Once you're home and it has cooled somewhat, remove the 'stat housing and the old 'stat. Refit the housing then remove the top hose from the radiator stub. Use your garden hose in the open end of the top hose, if you have a Hozelock type fitting it should fit snugly inside the top hose.
Turn the water on for the hose and leave it running. This reverse flushes the system with the old stuff exiting via the radiator stub at the top. Usually takes about half hour to get it running clear, once it is running clear leave it 10 minutes or so more to ensure it really is clear.
Turn the hose off and remove it from the top hose. Remove the bottom hose from the bottom of the rad to drain off excess water from the rad and block and then refit - having a new Jublee clip for it is a wise move as they often rust.

Once the bottom hose is secure, add 5L of concentrated Ethylene Glycol antifreeze. The exact figure for 50/50 mix is something like 4.8L, can't recall it exactly and it's as close to 5L as makes very little difference.
Fit the new 'stat, note the seal sits around the edge of the 'stat ont on it or under it - there is a groove inside the seal to let it sit around the 'stat. Ensure the recess in the head and 'stat housing are clean and smooth, use some silicone grease in the groove and smear some on the outer parts of the seal too and fit, ensuring the jiggle valve is at the top if it has one.
Refit the 'stat housing and top hose to the rad.

Top up the expansion tank with fresh water (remember you already have enough antifreeze in so water is fine), refit the cap and squeeze the bottom hose several times to help move the air to the top. If the level drops in the tank, add more water to the "MIN" line and squeeze the bottom hose a few more times. Repeat until squeezing the bottom hose doesn't result in further drop of the level.
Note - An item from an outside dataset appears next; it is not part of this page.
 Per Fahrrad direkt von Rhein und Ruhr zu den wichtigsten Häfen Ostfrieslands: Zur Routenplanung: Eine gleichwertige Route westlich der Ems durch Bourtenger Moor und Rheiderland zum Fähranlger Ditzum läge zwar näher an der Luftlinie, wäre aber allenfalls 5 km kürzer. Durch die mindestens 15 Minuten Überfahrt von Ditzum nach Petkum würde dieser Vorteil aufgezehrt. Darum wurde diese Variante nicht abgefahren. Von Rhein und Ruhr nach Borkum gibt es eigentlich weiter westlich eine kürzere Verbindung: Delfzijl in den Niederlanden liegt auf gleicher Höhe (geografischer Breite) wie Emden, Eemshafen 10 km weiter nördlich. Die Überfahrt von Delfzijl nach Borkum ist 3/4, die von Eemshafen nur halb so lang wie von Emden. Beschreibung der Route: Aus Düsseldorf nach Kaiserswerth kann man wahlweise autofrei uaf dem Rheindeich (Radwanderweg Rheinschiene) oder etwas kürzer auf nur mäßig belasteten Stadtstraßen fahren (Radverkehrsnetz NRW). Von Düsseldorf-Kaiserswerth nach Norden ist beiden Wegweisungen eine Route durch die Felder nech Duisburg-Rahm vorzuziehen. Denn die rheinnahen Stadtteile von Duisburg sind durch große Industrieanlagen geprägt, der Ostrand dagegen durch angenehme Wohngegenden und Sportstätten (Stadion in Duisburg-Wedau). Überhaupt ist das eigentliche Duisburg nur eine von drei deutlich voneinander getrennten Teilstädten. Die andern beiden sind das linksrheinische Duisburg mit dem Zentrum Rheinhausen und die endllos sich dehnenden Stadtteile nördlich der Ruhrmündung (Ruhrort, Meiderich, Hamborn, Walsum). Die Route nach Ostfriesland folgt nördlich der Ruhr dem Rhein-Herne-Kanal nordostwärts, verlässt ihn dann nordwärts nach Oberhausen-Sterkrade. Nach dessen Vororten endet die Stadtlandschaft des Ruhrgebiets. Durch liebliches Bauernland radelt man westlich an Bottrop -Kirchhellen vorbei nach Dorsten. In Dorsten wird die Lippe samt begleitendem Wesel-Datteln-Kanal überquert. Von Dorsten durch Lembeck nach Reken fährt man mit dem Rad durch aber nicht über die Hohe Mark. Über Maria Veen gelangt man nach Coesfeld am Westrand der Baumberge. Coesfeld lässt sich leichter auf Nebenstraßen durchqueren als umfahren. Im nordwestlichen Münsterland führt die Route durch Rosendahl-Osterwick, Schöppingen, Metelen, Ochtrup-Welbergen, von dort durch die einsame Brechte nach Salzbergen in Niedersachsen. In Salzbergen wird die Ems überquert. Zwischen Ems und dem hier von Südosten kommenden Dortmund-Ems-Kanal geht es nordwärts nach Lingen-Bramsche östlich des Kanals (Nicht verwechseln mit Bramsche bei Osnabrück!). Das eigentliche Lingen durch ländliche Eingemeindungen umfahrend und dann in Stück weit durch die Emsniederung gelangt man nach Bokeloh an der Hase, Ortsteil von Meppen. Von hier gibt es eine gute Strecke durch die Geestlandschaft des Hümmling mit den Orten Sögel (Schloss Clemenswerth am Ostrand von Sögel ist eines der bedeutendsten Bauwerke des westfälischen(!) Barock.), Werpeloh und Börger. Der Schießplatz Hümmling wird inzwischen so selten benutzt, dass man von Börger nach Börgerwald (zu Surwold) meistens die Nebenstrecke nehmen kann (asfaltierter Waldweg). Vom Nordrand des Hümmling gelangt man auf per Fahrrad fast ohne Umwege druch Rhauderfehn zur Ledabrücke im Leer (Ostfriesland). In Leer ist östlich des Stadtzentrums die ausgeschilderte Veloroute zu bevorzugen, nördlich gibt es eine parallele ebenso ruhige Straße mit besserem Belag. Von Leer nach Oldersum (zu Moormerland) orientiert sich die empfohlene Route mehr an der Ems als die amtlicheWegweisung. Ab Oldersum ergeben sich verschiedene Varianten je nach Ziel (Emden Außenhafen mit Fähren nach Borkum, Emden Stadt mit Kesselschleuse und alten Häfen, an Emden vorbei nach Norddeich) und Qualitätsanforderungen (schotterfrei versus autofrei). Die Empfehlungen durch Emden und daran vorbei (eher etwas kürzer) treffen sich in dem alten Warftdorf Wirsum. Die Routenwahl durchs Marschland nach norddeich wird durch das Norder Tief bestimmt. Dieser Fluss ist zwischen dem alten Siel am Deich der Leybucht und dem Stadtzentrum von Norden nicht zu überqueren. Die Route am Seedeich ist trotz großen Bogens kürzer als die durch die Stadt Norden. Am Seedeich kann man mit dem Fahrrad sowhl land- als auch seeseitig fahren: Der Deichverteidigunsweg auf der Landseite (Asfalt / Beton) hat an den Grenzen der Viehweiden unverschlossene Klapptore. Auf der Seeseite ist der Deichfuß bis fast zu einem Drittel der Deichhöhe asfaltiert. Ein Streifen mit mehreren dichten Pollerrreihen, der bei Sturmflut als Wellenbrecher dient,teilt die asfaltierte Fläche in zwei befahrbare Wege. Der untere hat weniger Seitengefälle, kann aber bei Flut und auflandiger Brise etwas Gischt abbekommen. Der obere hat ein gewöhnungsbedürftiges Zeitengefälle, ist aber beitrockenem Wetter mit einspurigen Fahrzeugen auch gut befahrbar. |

Refit the cap and take for a drive, ensuring you get it up to temperature and that the heater works, no leaks etc. Return home and park it facing uphill and leave to cool until the following day then check and top up the level to the "MIN" mark if needed.

I've used this method for decades on a variety of cars and it works. Whatever you do, don't be tempted to buy OAT coolant, doesn't matter how good the salesman says it is, it will destroy your engine.
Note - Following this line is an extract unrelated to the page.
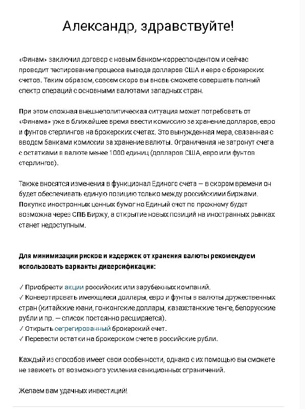 Также Финам сообщает, что открыл корреспондентский счет в USD и EUR в новом банке и сейчас проводит тестирования вывода валюты с брокерских счетов. Скоро ожидается возобновление вывода основных валют западных стран.
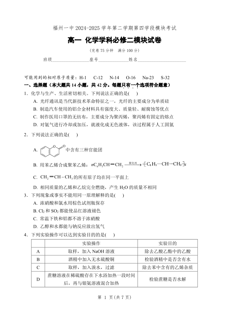 高一化学+答案--福建省福州第一中学2024-2025学年高一下学期7月期末考试

If some idiot has previously used OAT coolant (usually red or orange) then you have other problems and could be the cause of your lack of heat. Hopefully they haven't though! :nah:

kiloran Mar 18th, 2021 09:21

Quote:

Originally Posted by McGandalf (Post 2719451)
Thanks all for your excellent advice.

I have concluded it is almost certainly the thermostat that needs replacing. The water temp needle did not reach 50% after the decent run I made last night. It hit about 30% where it 'loitered' for the remainder of the journey.

New Volvo original thermostat and gasket ordered. Will also drain, flush and replace the coolant.

HCV not turning to cold - I will remove the driver's side steering column trim and check whether it is correctly seated in its housing. Will also remove the clip and try the test Ian21401 suggests.

Glad I've managed to get the car running as it should again. It is a majestic, incredibly comfortable, glacially slow old bus and I adore it!

Agree, sounds like the stat. That's exactly what mine was doing before I replaced it. Mine is now up to temp within a mile/5 mins driving so unless you're in the Arctic its a stat issue. Having had diesels for many years I'm always surprised just how quickly a big old lump like the B200F warms up.

Easy job (just follow LairdScooby's guide above) - make sure you give the stat housing bolts and hose clips a really good soaking of WD40 the night before. You really don't want to strip those and they are a bit soft. The beauty of the 940 cooling system is that everything is so accessible, particularly on the 2l non-turbos. I'm a ham-fisted bodger and have done the stat and the radiator in the last year with no issues, not even skinned knuckles.